## DATASET RECORDS

**********

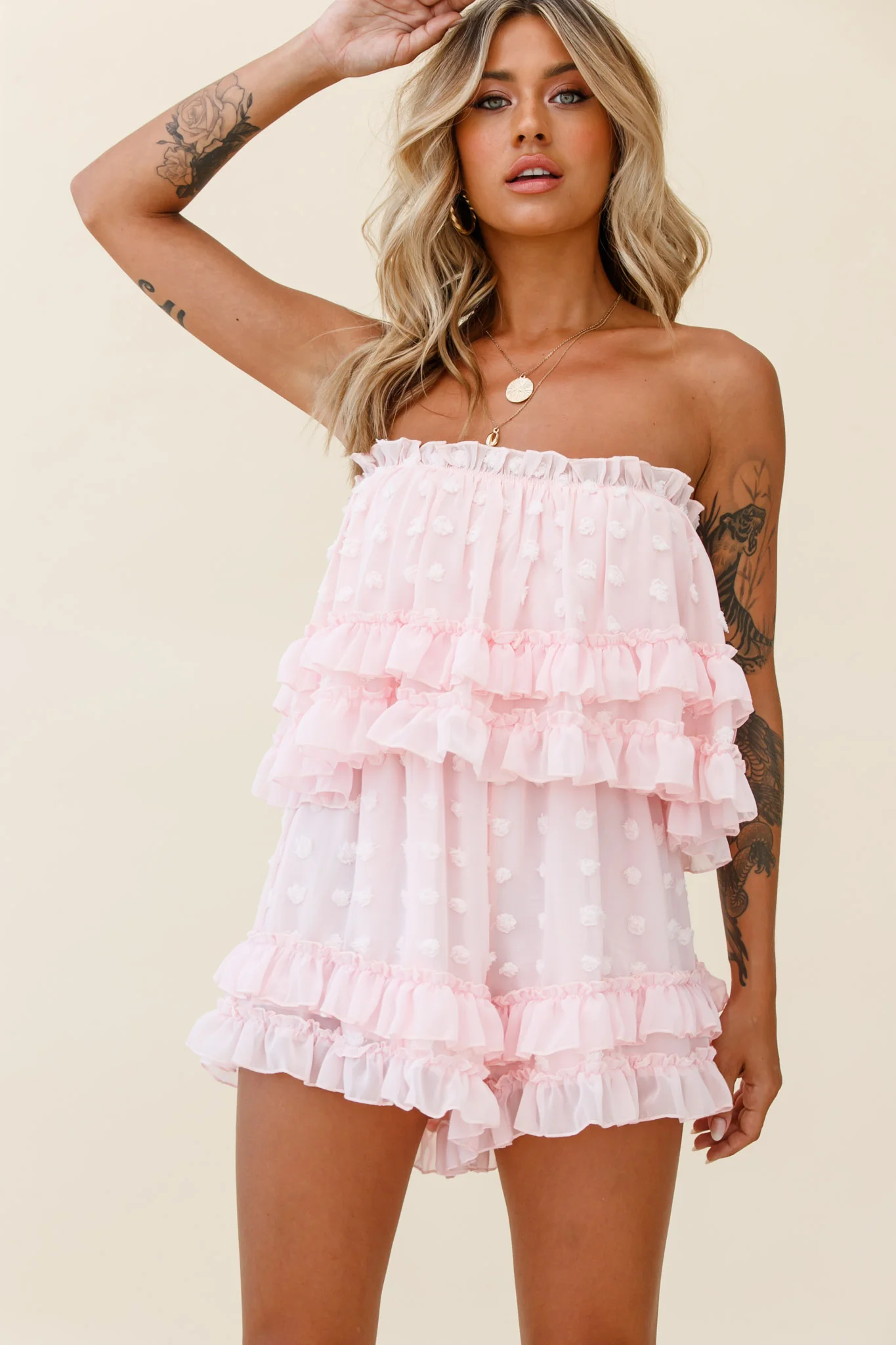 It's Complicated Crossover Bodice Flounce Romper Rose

**********

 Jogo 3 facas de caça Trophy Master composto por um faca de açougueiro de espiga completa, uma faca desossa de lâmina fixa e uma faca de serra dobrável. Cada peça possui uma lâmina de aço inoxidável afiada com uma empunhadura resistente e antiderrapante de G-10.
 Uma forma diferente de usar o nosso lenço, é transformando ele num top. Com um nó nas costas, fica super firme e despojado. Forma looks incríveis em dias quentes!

**********

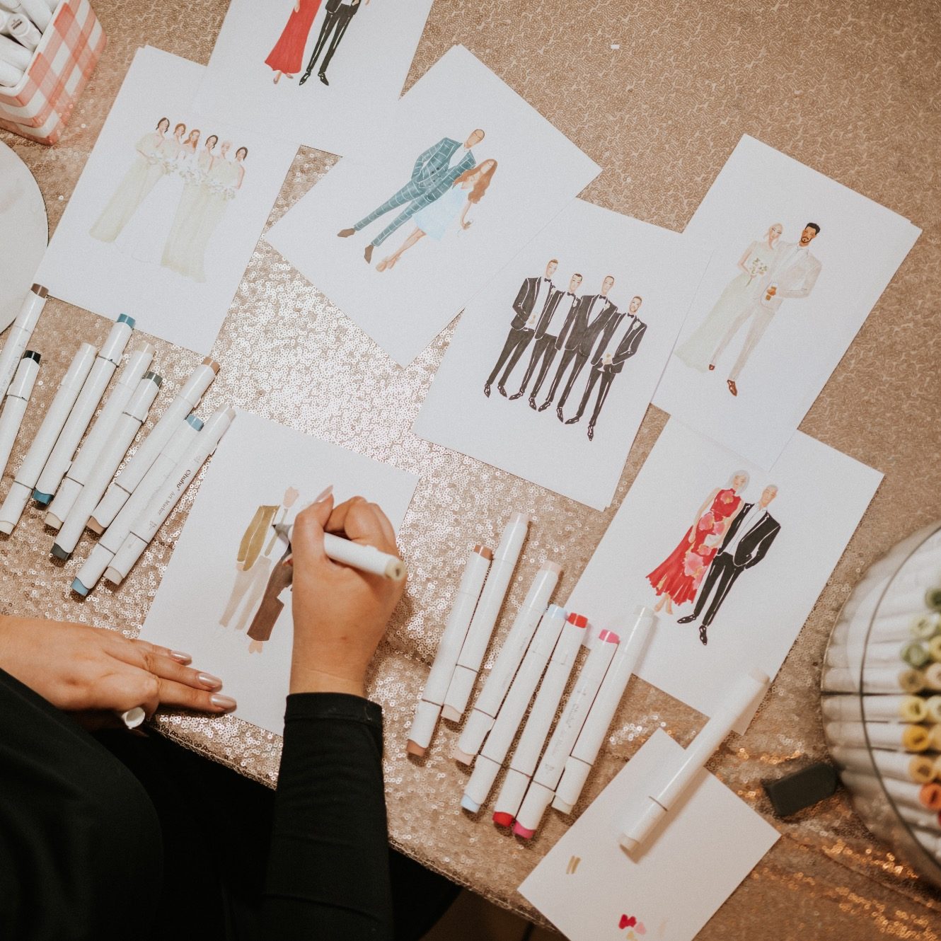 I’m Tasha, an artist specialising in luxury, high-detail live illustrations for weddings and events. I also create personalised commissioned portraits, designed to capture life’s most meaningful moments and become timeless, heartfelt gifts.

**********

## WHAT THE TASK REQUIRES
In the material above, transcribe exactly the lines beginning at the one with "Jogo 3 facas" and ending at the one with "Uma forma diferente", both included.

## COMPLETED TASK
 Jogo 3 facas de caça Trophy Master composto por um faca de açougueiro de espiga completa, uma faca desossa de lâmina fixa e uma faca de serra dobrável. Cada peça possui uma lâmina de aço inoxidável afiada com uma empunhadura resistente e antiderrapante de G-10.
 Uma forma diferente de usar o nosso lenço, é transformando ele num top. Com um nó nas costas, fica super firme e despojado. Forma looks incríveis em dias quentes!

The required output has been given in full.